Pitt’s custody nightmare is ongoing, but the Oscar winner explained to GQ how he worked to resolve an actual nightmare that he said regularly haunted his dreams for about four or five years. In the nightmare, he was always getting jumped, chased and stabbed.
“It would always be at night, in the dark, and I would be walking down a sidewalk in a park or along a boardwalk and as I’d pass under an Exorcist-like street lamp, someone would jump out of the abyss and stab me in the ribs,” Pitt described in an email to Moshfegh. “Or I’d notice I was being followed and then another flanked me and I realized I was trapped, and they meant me grave harm. Or being chased through a house with a kid I’d help escape but got pinned in on the deck — and stabbed. Always stabbed.”
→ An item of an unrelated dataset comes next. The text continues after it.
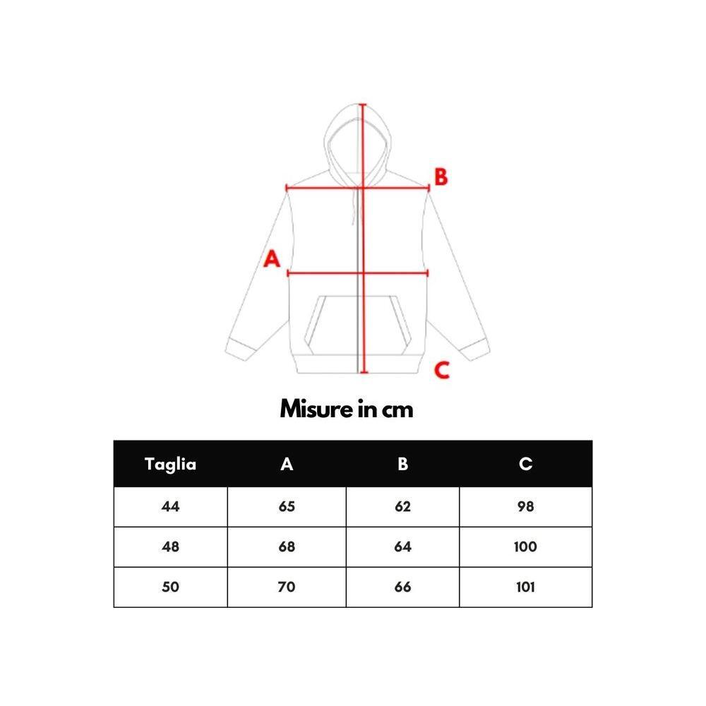In red, blue and ivory, front fastening with white zip, two side pockets closed with zip, adjustable hood with pullers, adjustable elastic waist, internal lining

While Moshfegh said the dream could be interpreted as Pitt’s fears of being stalked by paparazzi, the actor said the dream eventually went away after he began writing about it. “This stopped a year or two ago only when I started going straight back into the dream and asking simply why?”
In this interview and in others since his divorce from Jolie, Pitt credited his ability to become more thoughtful and ruminative to his decision to give up alcohol and go to Alcoholics Anonymous meetings. Jolie’s fight to keep Pitt from having joint custody of their children has been based on her allegations of domestic violence, which was said to be fueled by Pitt’s abuse of alcohol and problems managing his anger.
Pitt told GQ he spent a year and a half going to AA meetings. “I had a really cool men’s group here that was really private and selective, so it was safe,” he said. “Because I’d seen things of other people who had been recorded while they were spilling their guts, and that’s just atrocious to me.”
Pitt was first married to Jennifer Aniston from 2000 to 2005. But the couple divorced soon after Pitt met Jolie on the set of the action thriller, “Mr. & Mrs. Smith,” in which they played husband-and-wife assassins. Over the next 10 years, the Hollywood super couple raised their children, made movies and became known for their humanitarian work. They finally married in a private ceremony at their jointly owned French chateau in 2014.
It all fell apart two years later. Jolie filed for divorce shortly after a reportedly inebriated Pitt had some kind of confrontation with Maddox aboard a private plane returning from Europe. Following investigations by the FBI and child protective services, Pitt was cleared of any wrongdoing.
It was reported in 2018 and 2019 that the actor was happy to have visits with his children supervised by a court-appointed monitor. Pitt and Jolie supposedly were working toward an “amicable” co-parenting relationship, as she and the children occupied an estate in the Los Feliz neighborhood not far from Pitt’s home.
At some point ,the supposed rapprochement fell apart. Jolie reportedly objected to Pitt having 50/50 custody, and the custody battle reached the higher courts last year, including the California Supreme Court. The rulings didn’t favor Pitt.
The GQ story doesn’t mention whether Pitt spends time with his children, probably because the actor agreed to talk to the magazine on the condition that he not be asked about the legal fight. The interview instead focuses on other ways Pitt passes his time — mostly alone.
According to the story, Pitt learned ceramics during the COVID-19 pandemic, and started to rise early every morning to play his guitar. He also stays busy making movies. He stars in this summer’s action-adventure film, “Bullet Train.” With his Plan B Entertainment Company, Pitt also continues to produce. He’s particularly proud of the film “Women Talking,” about a group of Mennonite women who unite against their rapists, directed by Sarah Polley.
“It’s as profound a film as anything made this decade,” Pitt told GQ.